L’organe exécutif principal de l’Union européenne adopte une approche conciliante à l’égard des stablecoins, contrastant avec la position plus stricte de la Banque centrale européenne (BCE) et suscitant un regain d’optimisme dans l’industrie.
En réponse aux inquiétudes de la BCE concernant les risques potentiels de ruée bancaire liés à la multi-émission de stablecoins en Europe et dans des pays tiers, la Commission européenne (CE) estime que ces risques sont « hautement improbables ».
Un porte-parole de la Commission a déclaré à Cointelegraph : « Même dans le scénario hautement improbable d’une ruée sur un jeton émis conjointement, les rachats par des détenteurs étrangers se feraient principalement dans des juridictions comme les États-Unis, où la majorité des jetons circulent et où l’essentiel des réserves est conservé. »
La position de la Commission sur la multi-émission de stablecoins dans l’UE et au-delà représente un tournant majeur pour le secteur, selon des observateurs de l’industrie locale, qui y voient une victoire importante.
La BCE avait mis en garde contre des risques de ruée bancaire en avril
L’assouplissement de la position de Bruxelles à l’égard des stablecoins étrangers contraste avec les mises en garde précédentes de la BCE, qui avait publié en avril un document officieux sur la multi-émission de stablecoins entre l’UE et des pays tiers.
« Un schéma de multi-émission de stablecoins entre l’UE et des pays tiers affaiblirait considérablement le régime prudentiel de l’UE applicable aux émetteurs de jetons de monnaie électronique (EMT), en augmentant le risque de ruée, dans la mesure où les émetteurs européens pourraient ne pas détenir suffisamment de réserves supervisées par les autorités de l’UE pour honorer les demandes de remboursement des détenteurs de jetons, qu’ils soient européens ou non », a écrit la BCE.
La BCE a également averti qu’une émission conjointe de stablecoins avec des pays tiers pourrait compromettre la stabilité financière en affaiblissant les garanties offertes aux consommateurs européens et en contournant des protections essentielles prévues par le règlement MiCA sur les marchés de crypto-actifs.
Selon ce document officieux, ce type de dispositif pourrait également permettre à des émetteurs étrangers de revendiquer à tort une conformité au niveau européen, de transférer la responsabilité réglementaire aux autorités de l’UE sans véritable supervision, et d’ouvrir la voie à l’accès d’entreprises non européennes au marché unique sans respecter les normes de l’Union.
Bruxelles estime que les risques peuvent être maîtrisés
Après avoir répondu aux mises en garde de la BCE, la Commission a publié en juin une analyse approfondie des implications d’une émission conjointe de stablecoins avec des pays tiers, dans un document intitulé « Stablecoins et euro numérique : alliés ou adversaires de la politique monétaire européenne ? »
« Nous constatons l’existence d’obstacles institutionnels et réglementaires importants qui freinent l’adoption à grande échelle de stablecoins étrangers dans la zone euro », indique la Commission dans son étude, en ajoutant que le règlement MiCA a « dissuadé les grands émetteurs étrangers de s’enregistrer en Europe ».
La Commission a cité nommément Tether, l’émetteur du USDt (USDT), le plus grand stablecoin au monde en termes de capitalisation, qui a refusé de se conformer au règlement MiCA, notamment en raison de l’obligation de conserver au moins 60 % de ses réserves dans des banques européennes.
Selon la Commission, les risques liés à une émission conjointe de stablecoins avec des pays tiers peuvent être maîtrisés grâce aux politiques existantes.

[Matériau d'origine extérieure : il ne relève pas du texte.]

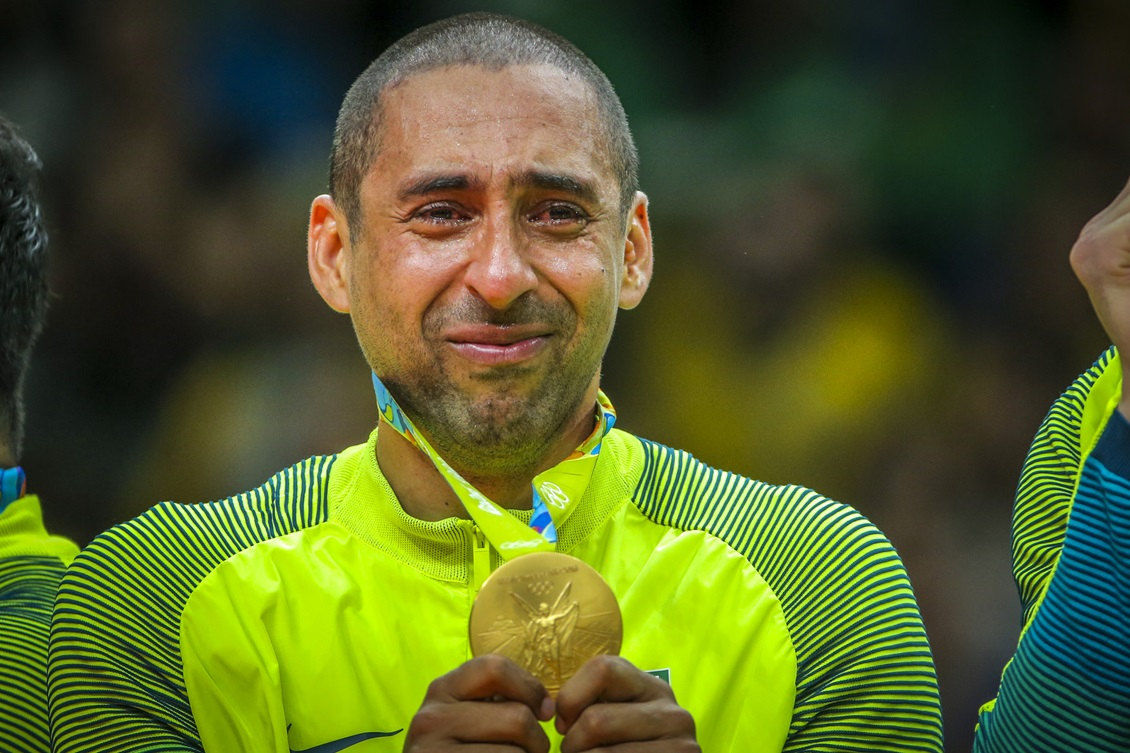 Volleyball at the Summer Olympics in 2016 (men) Final: Brazil - Italy

Les émetteurs peuvent en effet être tenus de mettre en place un mécanisme de rééquilibrage garantissant que les réserves détenues dans l’UE correspondent aux tokens en circulation au sein de l’Union.
« Une nouvelle très positive, voire un soulagement »
D’après Juan Ignacio Ibañez, secrétaire général de la MiCA Crypto Alliance, la position de la Commission sur l’émission conjointe de stablecoins avec d’autres pays implique que les autorités ne forceront pas les émetteurs comme Circle à opérer une distinction fonctionnelle entre USDC-US et USDC-EU.
« Ces acteurs sont des entités globales qui émettent un stablecoin à la fois dans l’UE et à l’étranger », a déclaré Ibañez à Cointelegraph, ajoutant que la Commission préconise en fait un traitement fongible des coins émis localement et à l’international, ainsi que la responsabilité d’une entité unique assurant la convertibilité des coins émis par l’autre entité.
« C’est une nouvelle très positive, voire un soulagement », a affirmé Ibañez. « Une part importante de la valeur d’un stablecoin réside dans son usage transfrontalier, hérité de la technologie blockchain elle-même. Imposer des cloisonnements juridiques compromettrait cette caractéristique fondamentale et dégraderait l’expérience utilisateur au sein de l’UE », a-t-il ajouté.